__Problem details__:
Determine which lines of the records include the word "inspection", and copy them.

__Data for the task__:

-- -- --

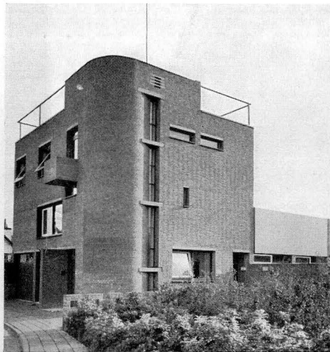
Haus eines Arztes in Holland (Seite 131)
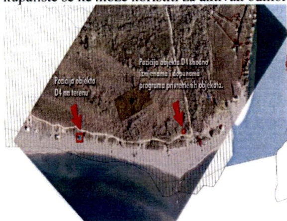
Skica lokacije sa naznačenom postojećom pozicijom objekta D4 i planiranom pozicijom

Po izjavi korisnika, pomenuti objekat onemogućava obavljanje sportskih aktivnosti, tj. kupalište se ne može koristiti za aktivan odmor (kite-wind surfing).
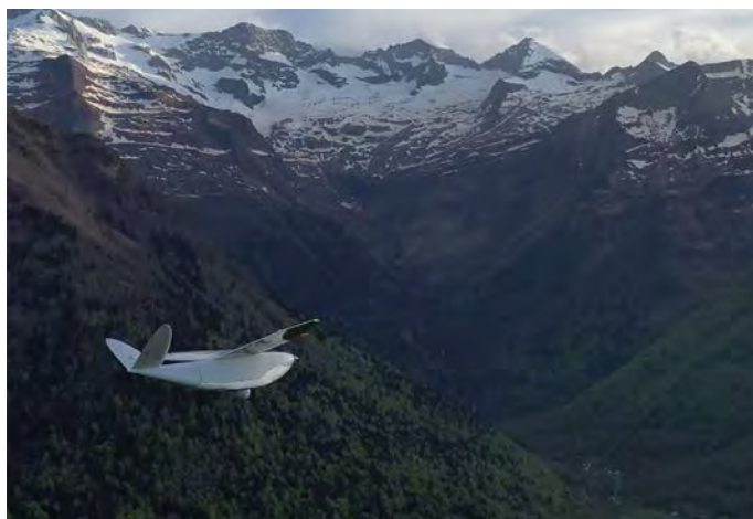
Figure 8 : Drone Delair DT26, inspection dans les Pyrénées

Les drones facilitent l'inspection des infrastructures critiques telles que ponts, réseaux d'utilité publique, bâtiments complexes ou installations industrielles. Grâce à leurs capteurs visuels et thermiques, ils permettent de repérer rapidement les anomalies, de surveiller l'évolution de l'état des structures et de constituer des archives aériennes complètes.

-- -- --

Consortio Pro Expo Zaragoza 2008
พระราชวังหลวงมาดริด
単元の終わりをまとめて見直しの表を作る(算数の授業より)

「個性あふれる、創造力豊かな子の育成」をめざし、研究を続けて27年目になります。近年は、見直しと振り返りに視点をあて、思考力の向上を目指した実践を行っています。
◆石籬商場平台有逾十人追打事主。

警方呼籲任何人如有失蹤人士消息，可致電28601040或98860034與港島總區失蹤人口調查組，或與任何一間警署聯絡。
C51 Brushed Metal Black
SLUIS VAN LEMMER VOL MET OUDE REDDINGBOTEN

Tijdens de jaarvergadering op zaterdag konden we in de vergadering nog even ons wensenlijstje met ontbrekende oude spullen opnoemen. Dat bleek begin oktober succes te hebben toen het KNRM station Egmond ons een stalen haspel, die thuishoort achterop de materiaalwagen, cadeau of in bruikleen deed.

-- -- --

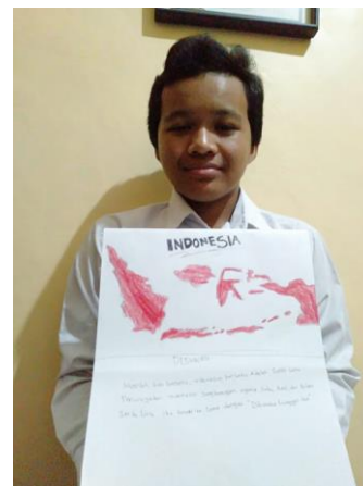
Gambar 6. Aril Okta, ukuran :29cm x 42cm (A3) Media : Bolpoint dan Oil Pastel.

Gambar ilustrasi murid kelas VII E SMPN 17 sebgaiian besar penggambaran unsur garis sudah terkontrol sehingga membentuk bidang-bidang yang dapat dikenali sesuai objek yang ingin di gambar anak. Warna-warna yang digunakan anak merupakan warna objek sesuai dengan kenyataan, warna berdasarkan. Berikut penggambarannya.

-- -- --

__Result of the task__:
Figure 8 : Drone Delair DT26, inspection dans les Pyrénées
Les drones facilitent l'inspection des infrastructures critiques telles que ponts, réseaux d'utilité publique, bâtiments complexes ou installations industrielles. Grâce à leurs capteurs visuels et thermiques, ils permettent de repérer rapidement les anomalies, de surveiller l'évolution de l'état des structures et de constituer des archives aériennes complètes.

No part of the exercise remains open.